- Task goal: Keep the pictures out while you transcribe the listing below exactly.

- Input:
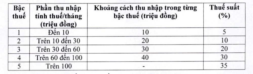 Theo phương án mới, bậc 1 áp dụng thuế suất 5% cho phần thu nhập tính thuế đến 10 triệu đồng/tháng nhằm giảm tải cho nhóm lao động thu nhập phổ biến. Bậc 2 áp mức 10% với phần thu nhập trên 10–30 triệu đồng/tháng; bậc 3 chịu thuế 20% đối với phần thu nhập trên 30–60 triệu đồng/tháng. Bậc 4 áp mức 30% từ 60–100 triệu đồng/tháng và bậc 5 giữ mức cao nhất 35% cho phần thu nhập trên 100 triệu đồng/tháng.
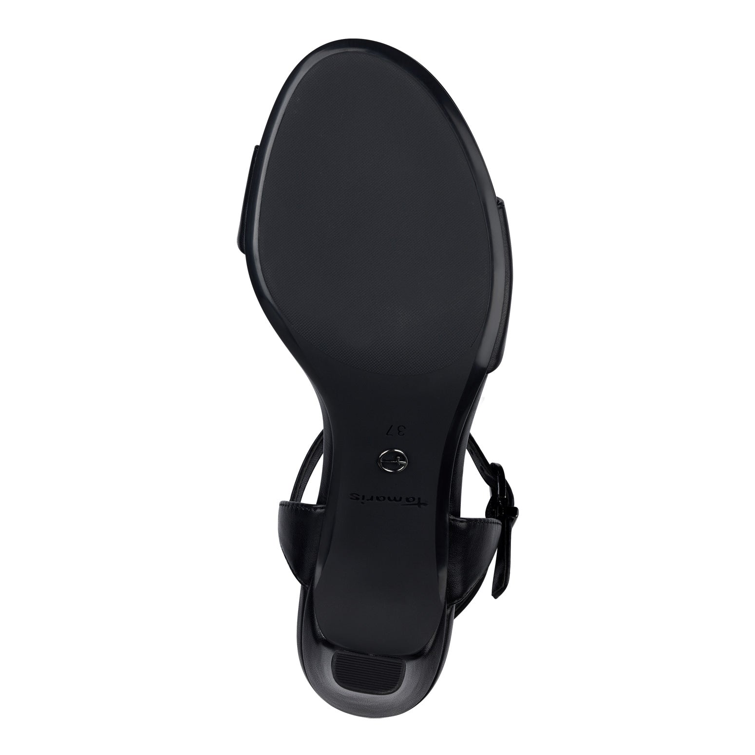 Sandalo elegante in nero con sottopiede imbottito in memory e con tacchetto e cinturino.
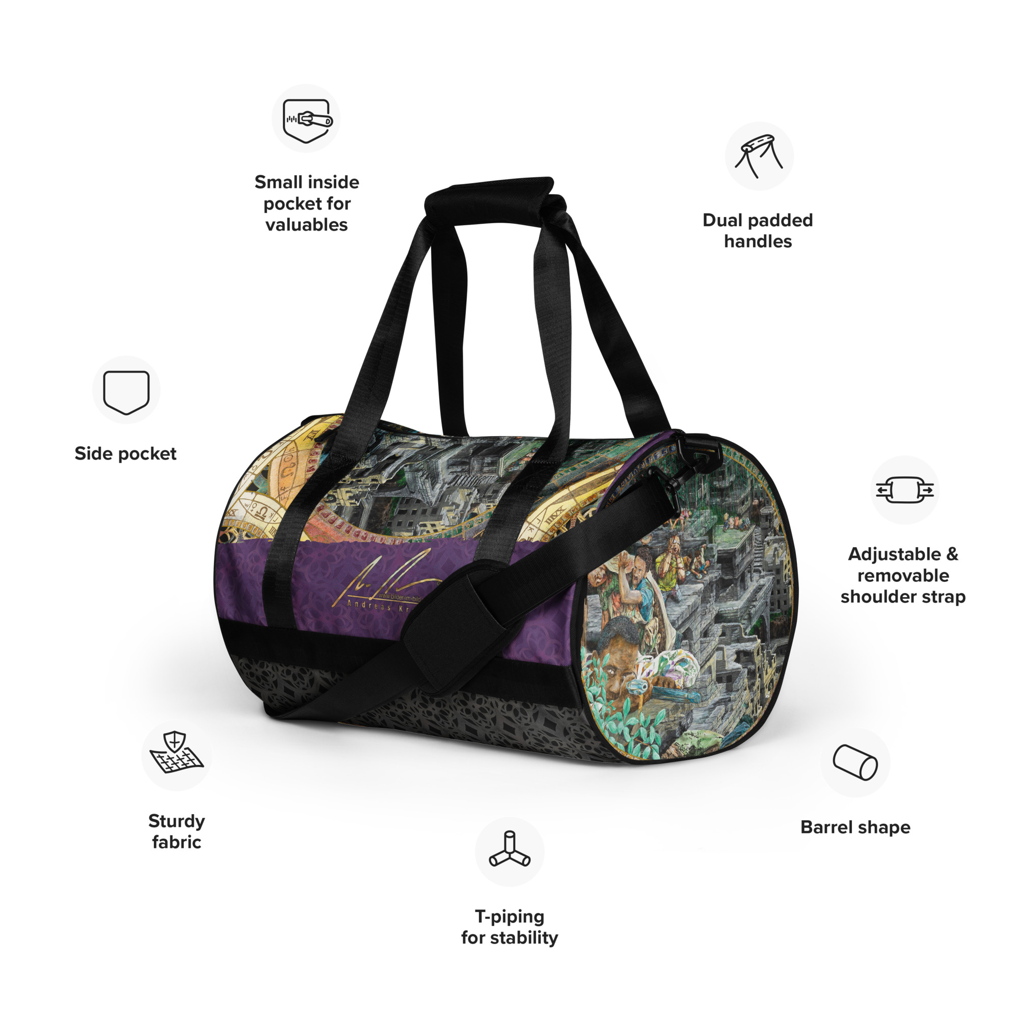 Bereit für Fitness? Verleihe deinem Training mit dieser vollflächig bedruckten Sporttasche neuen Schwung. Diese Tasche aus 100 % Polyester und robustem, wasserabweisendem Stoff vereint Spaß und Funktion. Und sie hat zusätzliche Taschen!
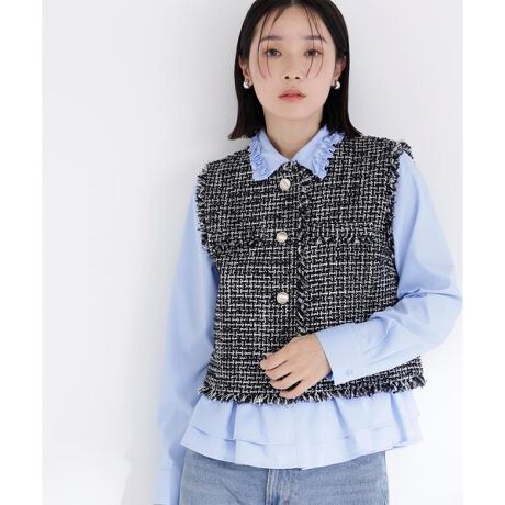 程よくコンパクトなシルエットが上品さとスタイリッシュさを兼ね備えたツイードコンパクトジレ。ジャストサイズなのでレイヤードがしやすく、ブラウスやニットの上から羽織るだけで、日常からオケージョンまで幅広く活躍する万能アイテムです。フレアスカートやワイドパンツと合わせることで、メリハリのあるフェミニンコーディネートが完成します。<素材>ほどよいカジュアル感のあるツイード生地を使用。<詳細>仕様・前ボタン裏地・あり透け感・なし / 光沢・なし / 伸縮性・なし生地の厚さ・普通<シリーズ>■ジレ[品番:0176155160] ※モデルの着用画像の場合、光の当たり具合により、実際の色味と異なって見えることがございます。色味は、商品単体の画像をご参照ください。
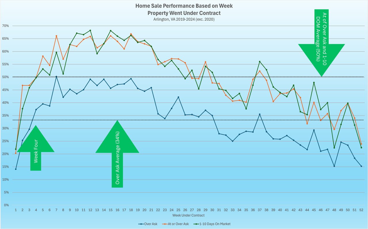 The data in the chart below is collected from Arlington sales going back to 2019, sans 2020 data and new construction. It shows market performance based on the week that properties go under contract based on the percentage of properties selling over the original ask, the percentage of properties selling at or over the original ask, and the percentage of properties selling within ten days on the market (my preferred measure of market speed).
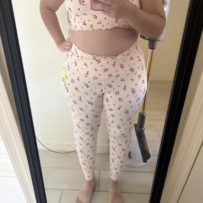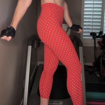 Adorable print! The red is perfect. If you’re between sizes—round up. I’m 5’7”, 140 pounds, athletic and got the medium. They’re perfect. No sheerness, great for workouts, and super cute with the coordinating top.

- Solution:
 Theo phương án mới, bậc 1 áp dụng thuế suất 5% cho phần thu nhập tính thuế đến 10 triệu đồng/tháng nhằm giảm tải cho nhóm lao động thu nhập phổ biến. Bậc 2 áp mức 10% với phần thu nhập trên 10–30 triệu đồng/tháng; bậc 3 chịu thuế 20% đối với phần thu nhập trên 30–60 triệu đồng/tháng. Bậc 4 áp mức 30% từ 60–100 triệu đồng/tháng và bậc 5 giữ mức cao nhất 35% cho phần thu nhập trên 100 triệu đồng/tháng.
 Sandalo elegante in nero con sottopiede imbottito in memory e con tacchetto e cinturino.
 Bereit für Fitness? Verleihe deinem Training mit dieser vollflächig bedruckten Sporttasche neuen Schwung. Diese Tasche aus 100 % Polyester und robustem, wasserabweisendem Stoff vereint Spaß und Funktion. Und sie hat zusätzliche Taschen!
 程よくコンパクトなシルエットが上品さとスタイリッシュさを兼ね備えたツイードコンパクトジレ。ジャストサイズなのでレイヤードがしやすく、ブラウスやニットの上から羽織るだけで、日常からオケージョンまで幅広く活躍する万能アイテムです。フレアスカートやワイドパンツと合わせることで、メリハリのあるフェミニンコーディネートが完成します。<素材>ほどよいカジュアル感のあるツイード生地を使用。<詳細>仕様・前ボタン裏地・あり透け感・なし / 光沢・なし / 伸縮性・なし生地の厚さ・普通<シリーズ>■ジレ[品番:0176155160] ※モデルの着用画像の場合、光の当たり具合により、実際の色味と異なって見えることがございます。色味は、商品単体の画像をご参照ください。
 The data in the chart below is collected from Arlington sales going back to 2019, sans 2020 data and new construction. It shows market performance based on the week that properties go under contract based on the percentage of properties selling over the original ask, the percentage of properties selling at or over the original ask, and the percentage of properties selling within ten days on the market (my preferred measure of market speed).
 Adorable print! The red is perfect. If you’re between sizes—round up. I’m 5’7”, 140 pounds, athletic and got the medium. They’re perfect. No sheerness, great for workouts, and super cute with the coordinating top.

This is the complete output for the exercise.